No Nas, Chivalry is dead.

Hip Hop is much alive.


I am an old soul trapped in a 20 year old body who is growing up in a generation where rap music and swag are the top priorities to my male peers, alongside Call of Duty and of course, the legalization of marijuana.

I’m growing up in a time when Mayfair filtered Instagram pictures decide if someone is good-looking, and how many followers you have reflects how many friends you have in your social life. A time when the 140 characters allowed in an opinionated Twitter post on the latest Hunger Games determines somebody’s knowledge. A time when a woman’s vocabulary being bigger than her ass sets her apart from what men want, at least right now.

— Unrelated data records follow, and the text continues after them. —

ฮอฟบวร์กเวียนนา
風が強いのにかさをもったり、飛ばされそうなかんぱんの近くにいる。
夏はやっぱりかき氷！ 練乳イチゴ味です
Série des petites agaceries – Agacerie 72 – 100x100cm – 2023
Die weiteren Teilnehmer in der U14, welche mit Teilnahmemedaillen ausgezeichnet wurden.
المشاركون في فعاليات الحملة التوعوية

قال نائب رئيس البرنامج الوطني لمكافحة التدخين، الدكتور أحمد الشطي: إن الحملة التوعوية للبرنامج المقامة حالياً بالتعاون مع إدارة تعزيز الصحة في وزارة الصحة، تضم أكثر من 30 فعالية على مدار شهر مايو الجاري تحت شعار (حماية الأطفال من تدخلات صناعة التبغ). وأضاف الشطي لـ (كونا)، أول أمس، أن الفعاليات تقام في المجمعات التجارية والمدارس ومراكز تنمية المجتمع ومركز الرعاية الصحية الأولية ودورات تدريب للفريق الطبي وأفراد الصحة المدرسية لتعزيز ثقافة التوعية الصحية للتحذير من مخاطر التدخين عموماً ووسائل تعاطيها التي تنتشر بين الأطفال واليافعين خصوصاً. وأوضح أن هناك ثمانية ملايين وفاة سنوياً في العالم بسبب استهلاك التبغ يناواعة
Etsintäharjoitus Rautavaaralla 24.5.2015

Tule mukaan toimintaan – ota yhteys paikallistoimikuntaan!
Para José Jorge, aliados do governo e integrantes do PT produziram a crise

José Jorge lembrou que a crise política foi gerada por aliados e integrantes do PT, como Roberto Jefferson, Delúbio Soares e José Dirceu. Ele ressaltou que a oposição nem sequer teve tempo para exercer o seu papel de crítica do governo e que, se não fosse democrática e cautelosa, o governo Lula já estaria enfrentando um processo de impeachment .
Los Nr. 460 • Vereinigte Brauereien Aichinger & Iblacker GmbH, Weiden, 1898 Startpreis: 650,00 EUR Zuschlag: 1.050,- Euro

I have watched my generation become completely desensitized by television and music. I know I sound like an 80-year-old woman, but I promise you I am not. I’m just a frustrated 20-year-old who refuses to wear “J’s on her feet” and copy the behavior of Bad Girl’s Club to attract a man. Nowadays, if you’re not a “bad” bitch you’re a single bitch. (Oh yes, bad now means good and ‘bitch’ now means woman.) I can’t wait for the presidential election of 2036 when we vote for the “baddest” candidate!

I started to really think about all of this when I was dumped on my 20th birthday by the guy I had been dating for two years. He told me I was “intimidating” and “he wasn’t happy that my career was taking off in such a positive direction.” This really threw me off. I let his words sink in and I thought about them everyday for months. I started to question myself and my priorities. Should I have been less ambitious? Should I have invested more time into learning Drake’s new album than developing my own career?

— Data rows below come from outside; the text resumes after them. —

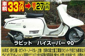
66年式・新付排気管・ホワイト/ノーマル・超極上 当時の富士工業製!フロント!今!も!超極上!超極上!超極上!超極上!超極上!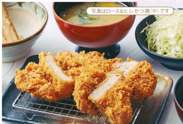
写真はロース&ヒレかつ膳(中)です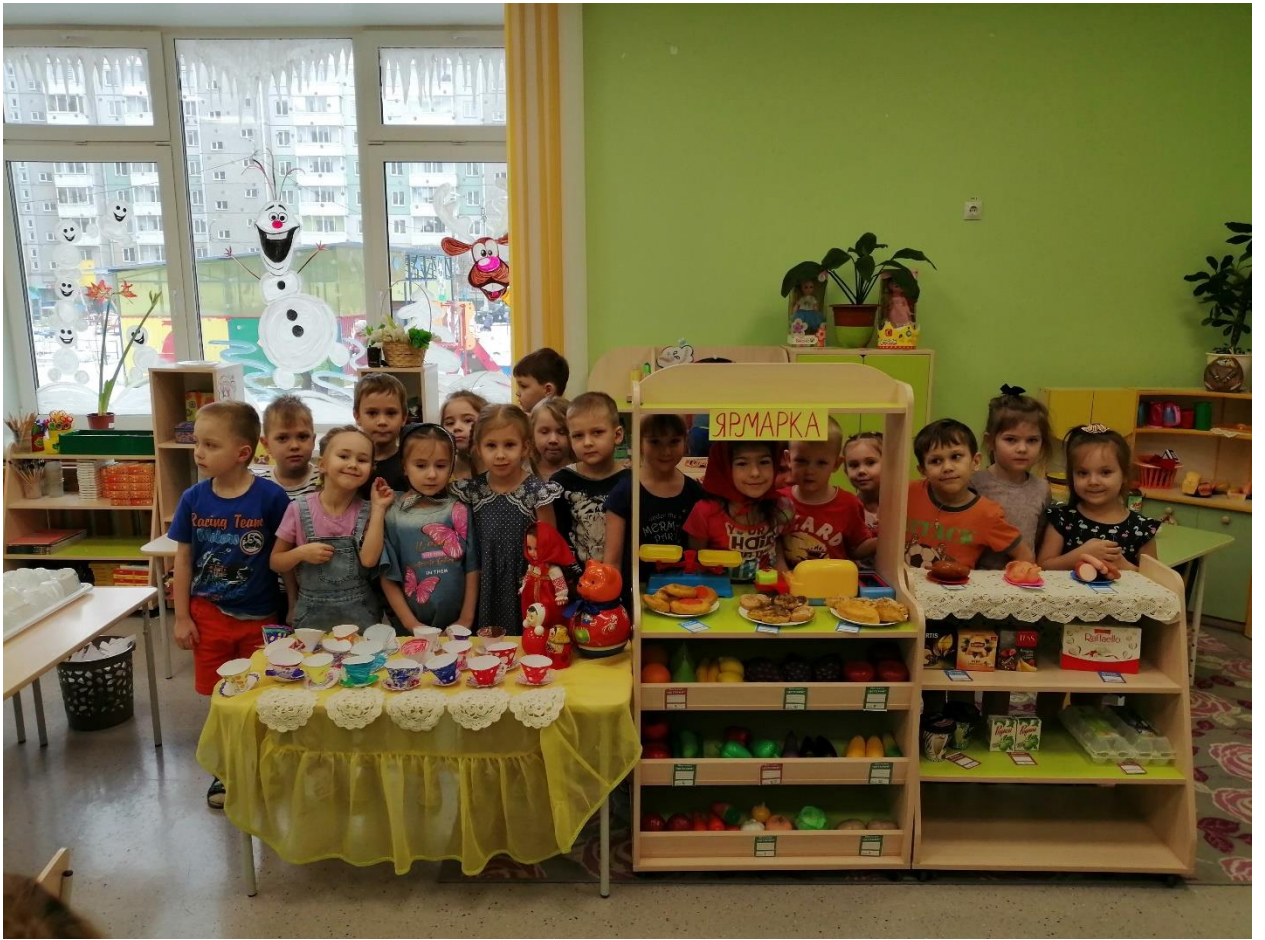
А далее самостоятельная игровая деятельность детей.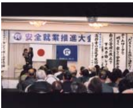
人形での安全教室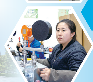
秦川机床集团宝 鸡仪表有限公司工作 人员在检测产品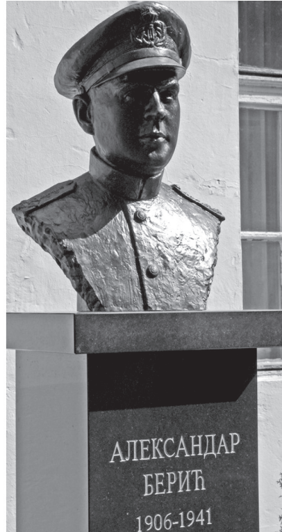
На гробу у Белегишу и испред спомен-собе Речне флотиле постављене су бисте хероја Априлског рата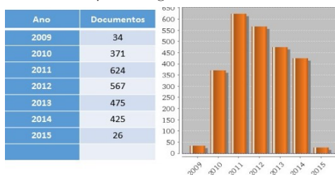
Figura 1 – Documentos depositados por ano no RCIPCB

Esta atividade traduziu-se no crescimento do Repositório em termos de documentos depositados por ano (Fig. 1) transformando-o numa ferramenta incontornável de partilha, difusão, organização e preservação da produção científica do IPCB em suporte digital.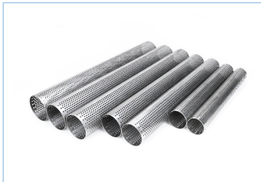
写真1. パンチングパイプ例

https://punching-shop.com/products/list.php?ln=100&cat=37

I started to go on some dates a few months after the breakup—guys between the ages of 21-25—none of which were mentally stimulating in the slightest. Then, it hit me. It wasn’t just my ex-boyfriend who felt this way. It’s men in general! Men my age want to be the bread winners, yet their main aspiration in their life is to unlock the new maps in their latest XBox game. I didn’t know whether to be grateful to learn this at such a young age or to indulge in a lifetime supply of Ben & Jerry’s Cherry Garcia, sulking in the heartbreaking idea that there is no hope for the men of my era.

It doesn’t help that women my age are constantly told by their mothers, grandmothers, and older sisters: men never change. In fact, I’ve been told this countless times. I can’t help but think that if this is true, I am going to be 65 years old with my Bunco ladies, bitching about how our husbands are more interested in Lil’ Wayne’s 40th arrest than in taking us out for a nice dinner.

I started to think back to my ex-boyfriend, who said my career intimidated him. Of course it did, I realized. I enjoy music and the occasional Real Housewives fist fight on TV, but I refuse to let that define me as a person. I realize my ex, bless his heart, wrapped his life around media and what is considered cool to his “homies”. He was living vicariously through Wiz Khalifa’s millions of dollars instead of striving for his own. I paved the way for my future; how could that not be intimidating?

I read somewhere:

“People who lack faith, love to call you naive when you believe you deserve things they’re too weak to have hope for.” — Rob Hill Sr.

I believe any woman reading this out there, whether my age, older, or even in high school with her first real boyfriend, shouldn’t deprive herself of her hopes and dreams if a man cannot handle what she has to give. He is too weak to have hope for it himself. You should probably just walk away before he does. I promise, there is no trying to convince him that you are a greater option in the long run than the girl who can twerk better than you at the school dance. He will need to learn that on his own.

So, while he is watching YouTube tutorials on how to roll the best joint and updating himself on the latest World Star news, go make your money.